A $5.5 billion, 20-mile, 21-station elevated rail line has broken ground on the island of Oahu, designed to connect downtown Honolulu to growing areas to the west. Along that line, the biggest proposed development, Ho'opili, is far too well-planned to be accurately called sprawl. Nevertheless, as The Transport Politic reports, the line's effect on the built environment is raising concerns:

"... the elevated guideway will not be a particularly beautiful addition to the Hawai’i landscape, and in some places it could represent a barrier between the city and its waterfront. The alignment will require 20 residences and 66 businesses to be bulldozed. It is also expensive: A ground-level light rail line or a busway could probably be built for fewer funds. Yet neither would provide the kind of mobility benefits the automated rail line would.
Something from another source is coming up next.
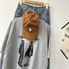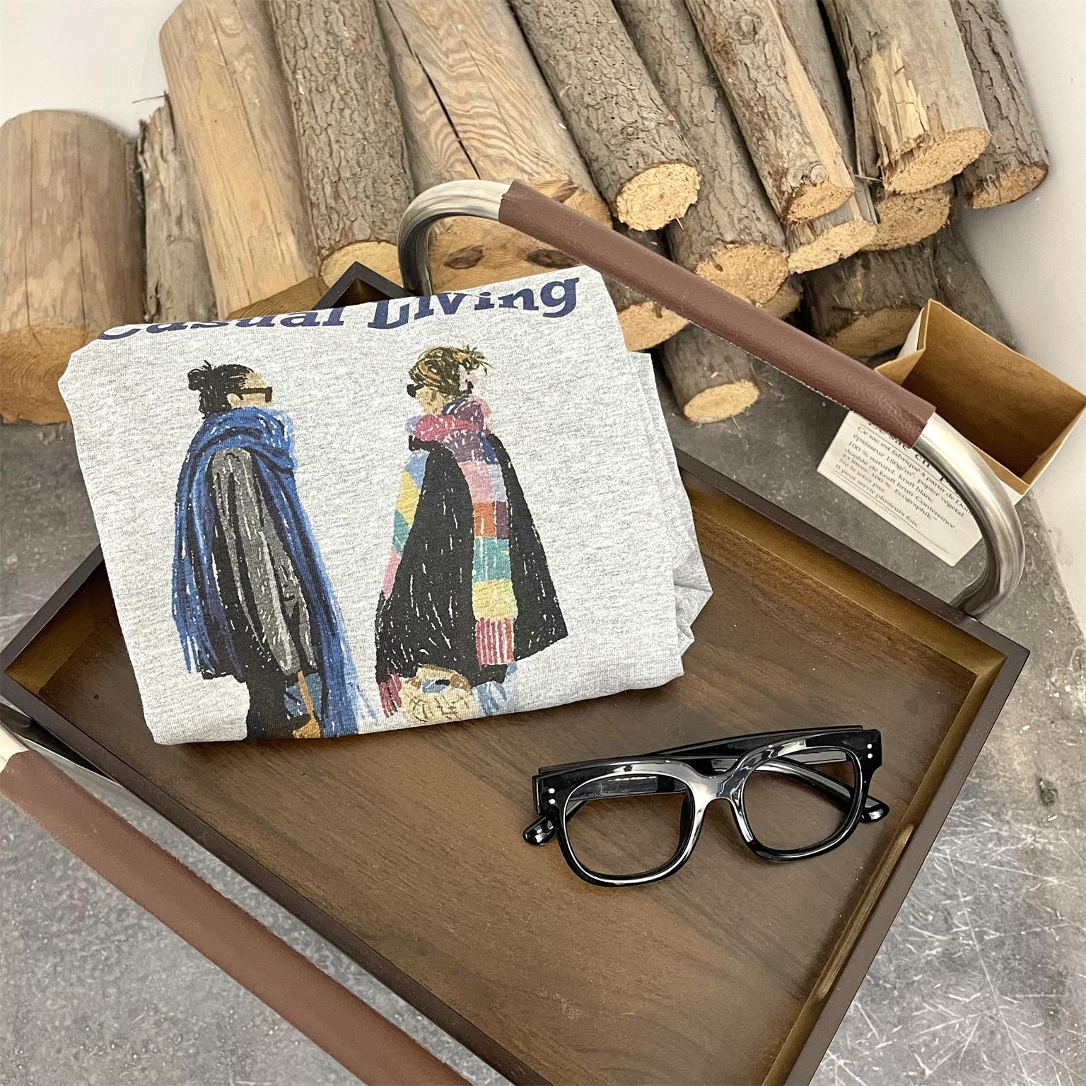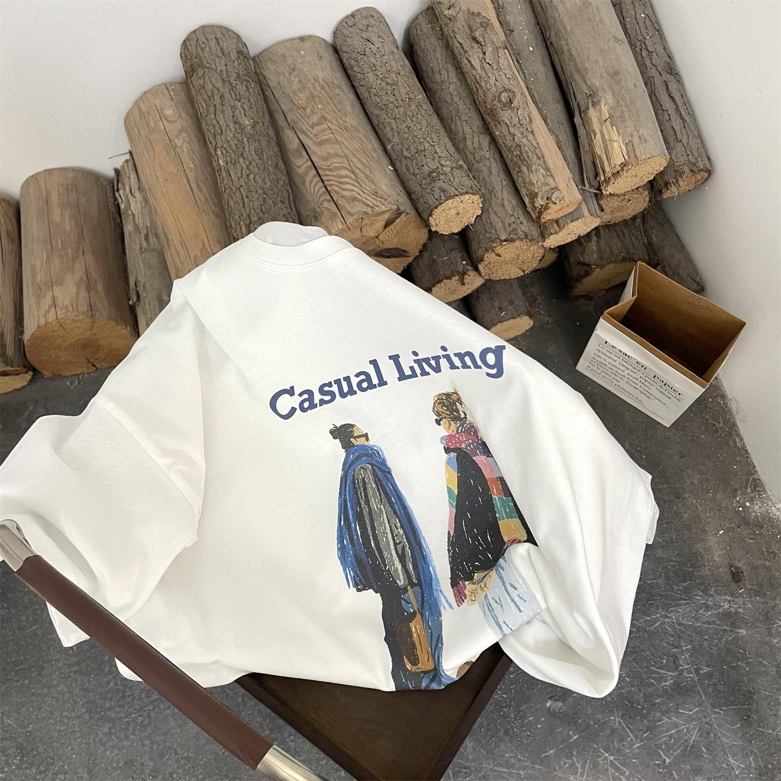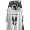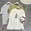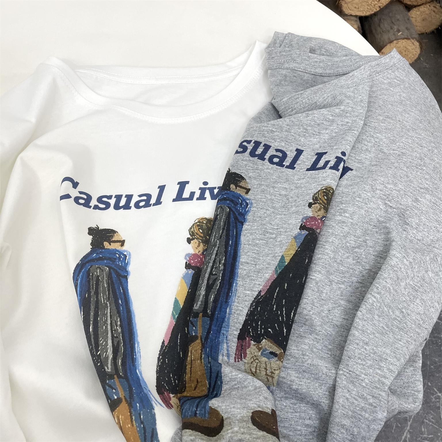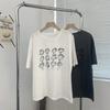 Tops de Manga Corta con Estampado de Personajes Estilo Coreano para Mujer Nueva Moda Look Holgado Adelgazante Algodón Puro Camiseta de Cuello Redondo Venta al por Mayor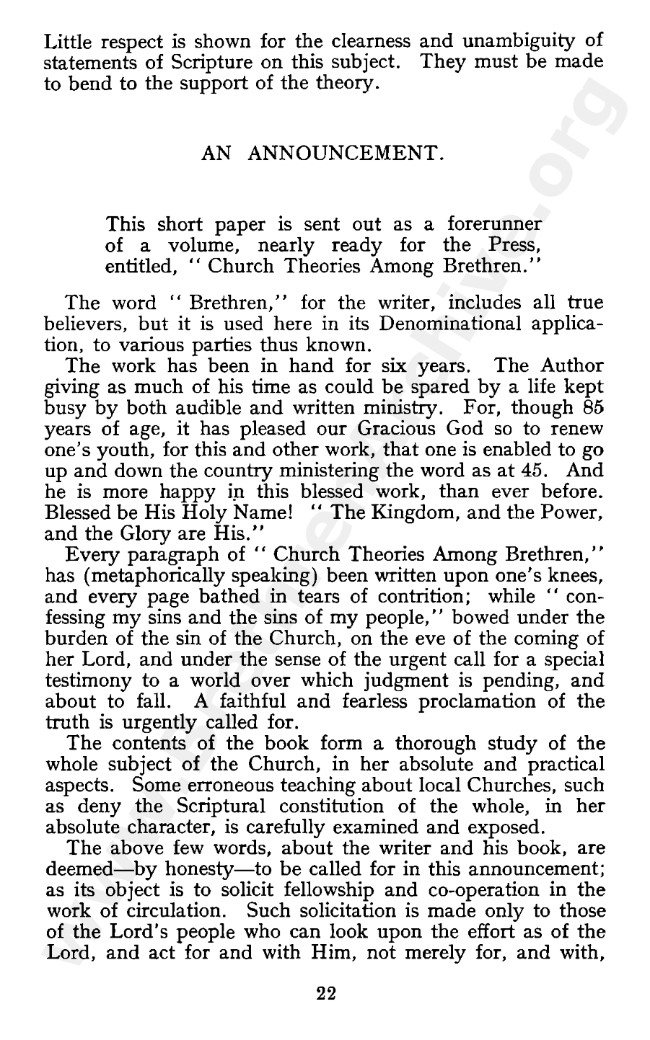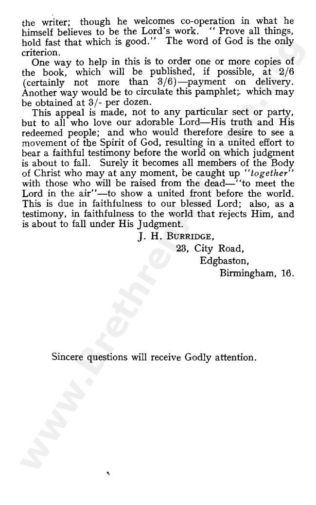 This book is one among several others which J H Burridge wrote in response to the influx of “Needed Truth” teachings then gaining rapid support among the Open Brethren, this being the so-called “tightening process” as sometimes called.

"Moreover, opponents of the project suggest that its appeal — fast transit times from downtown to the far west side of the island — will encourage sprawl in areas around the planned university and in Kapolei. Indeed, there are already proposals on the books for a giant project with thousands of homes that will shift patterns of house-building activity to this area. Is it worth paving over now-agricultural land for the purposes of building park-and-rides with the assumption that in the future these areas will become transit-oriented cities of their own?"

Ho'opili, the giant project referred do, is to be developed by major builder D.R. Horton. It includes about 12,000 housing units on 1,600 acres, all of it walkable, as New Urban News reported in 2008. It includes a fine-grained mix of uses, neighborhood schools and parks throughout the plan, and two transit stations — one inside the project and another on the edge linking Ho'opili to a new campus of the University of Hawaii. The development will include areas of high, medium, and low density housing. Even the low-density housing will consist of relatively small lots of single family housing on blocks with alleys.

There's plenty that can go wrong — a national builder like D.R. Horton is bound to make some compromises — how these compromises are made will be key. Also, traffic engineers and others who will have a hand in the project may do some damage. But Ho'opili appears to be planned by design firm Van Meter Williams Pollack as well as a large greenfield development can be planned, or close to it. It should be a model for this kind of development.